En un post de hace ahora dos años en este mismo blog, Ana Isabel Rábade hacía un espléndido recorrido por algunas de las novelas y relatos más significativos del escritor austriaco Stefan Zweig, como La impaciencia del corazón, Novela de ajedrez, o la encantadora novelita Carta de una desconocida. En uno de los comentarios a ese post, alguien señalaba El mundo de ayer como una de las lecturas más vivamente recomendables de Zweig. No puedo estar en más acuerdo con ese comentario y sólo lamento el tiempo que ese libro ha estado empolvándose en un estante de mi biblioteca hasta que un cierto azar lo acaba de poner entre mis manos. No el azar sino la prosa ligera, concisa y a la vez contundente de Zweig nos sumerge en una lectura ávida y sobrecogedora.
Esta autobiografía se quedaría en el gozo de una espléndida obra histórico literaria magníficamente escrita -lo que sería razón más que suficiente para recomendar su lectura- si no fuera por las reflexiones que induce. Muchos historiadores afirmarán que poco o nada tiene que ver con el actual el período comprendido en la obra, fines del XIX hasta los inicios de la segunda guerra. La historia no se repite, al decir de Voltaire, pero sí los hombres.
Zweig señala dos causas determinantes para el advenimiento de los mayores horrores acaecidos en la historia de la humanidad, a saber, los totalitarismos, materializados en el estalinismo y en los fascismos italiano y español -replicados años después en América Latina y otros rincones del planeta por quienes seguramente nunca leyeron a Voltaire-. Entre tales derivas totalitarias destaca en especial una por su feroz crudeza, si es que fuesen posibles las comparaciones: el nazismo, caldo de cultivo aderezado por el ansia de poder y de riqueza de los principales estados europeos, por un lado, y los nacionalismos excluyentes, por otro. La primera fue también causa principal de la guerra de 1914, tal como lo percibió vivamente nuestro autor. Pero el nacionalismo, unido a una fortísima crisis económica, el desencanto de las gentes hacia un sistema político amoral y el enardecimiento de las masas contra lo foráneo, lo extranjero y las razas inferiores, confluyó en el surgimiento del nacionalsocialismo cuya impronta caló firme. Metódica, estructural y minuciosamente planificado, sólo una mente austroalemana bien pertrechada para la perfidia y la vesania podía pergeñar.
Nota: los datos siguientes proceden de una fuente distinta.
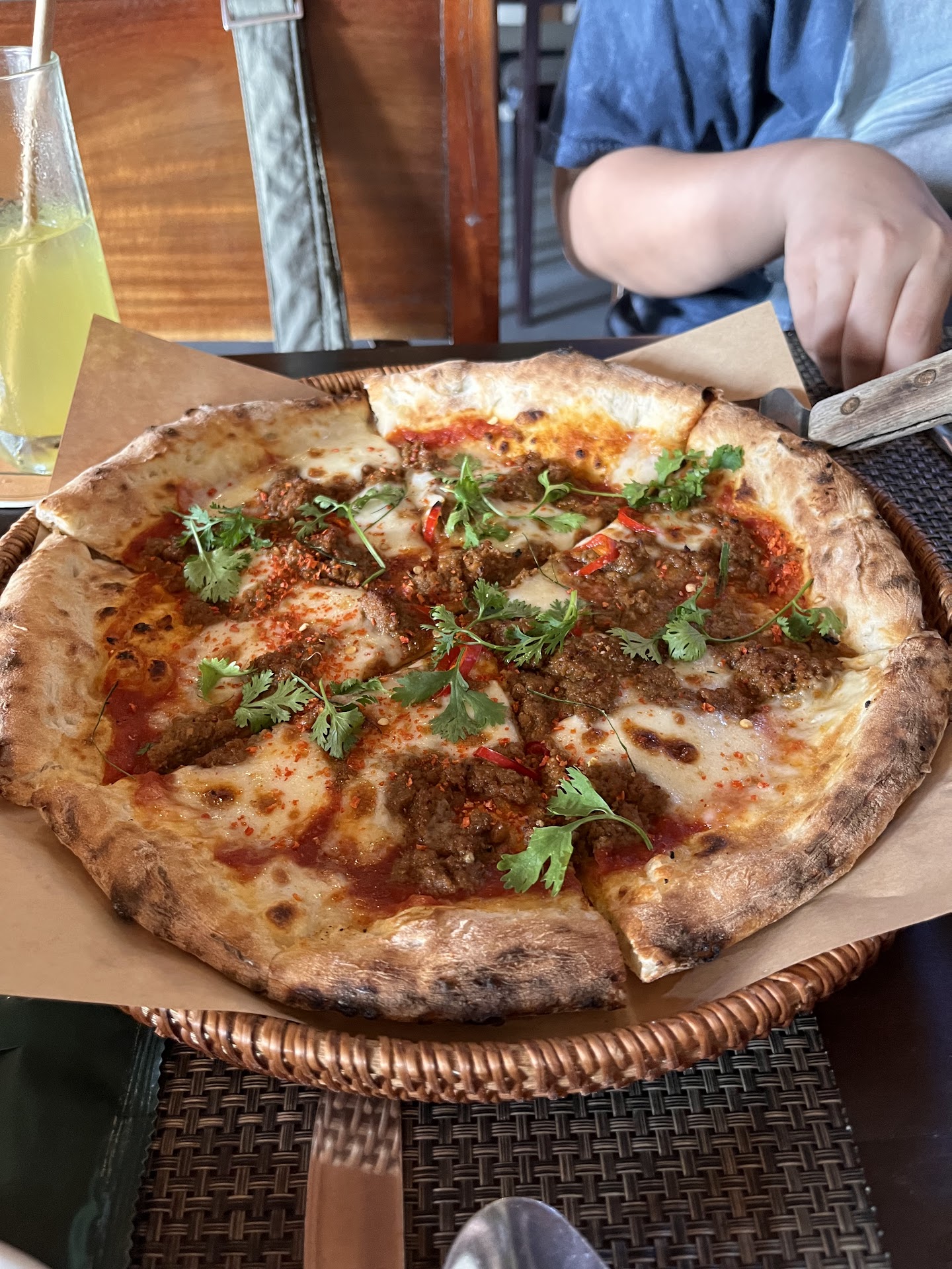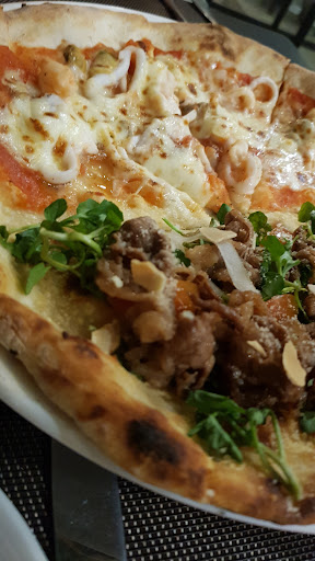 We had half seafood and half beef pizza. The seafood pizza had calamari and shrimp on it, the tomato sauce pair with it had a tiny kick to it. It's not crazy hot but you can definitely taste it. The beef pizza had marinated beef and rocket leafes on it. The crust was crispy and the bottom was a nice soft dough which I personally liked.

Stefan Zweig, admirador y amigo de grandes pensadores y escritores universales, muchos como él de origen judío y por tanto, víctimas también del horror, como Freud, Kafka, Einstein o Benjamin, no cesa en su perplejidad ante lo que ocurre en su querida Europa que siempre ha anhelado unida pero sin fronteras, culta, tolerante, acogedora y próspera, como la había percibido en la Austria de su niñez y primera juventud. Bien cierto que desde su atalaya acomodada de burgués ilustrado, esa Europa soñada, sin embargo, no excluía a nadie, quizá tampoco a quienes acabaron destruyéndola. Tal vez haya sido ese uno de los graves errores de aquel tiempo, si es que no del único tiempo, el nuestro incluido. El mal -concluye al final de la obra- sea acaso consustancial a la naturaleza humana, y así como el hombre es capaz de alcanzar las más altas cotas de progreso y bienestar intelectual, cultural y material, también posee condiciones innatas para perpetuar las más aviesas de las maldades.
Acaso sea cierto que la historia no se repite, pero es muy probable que Voltaire tuviera razón y los hombres repetimos el mal con excesiva frecuencia. Leer hoy a Zweig sea acaso un buen ejercicio para no repetir no sólo la historia sino a nosotros mismos. Signos del mal no están ausentes de nuestras vidas y Noruega, entre otros muchos, acaba de ser un triste signo.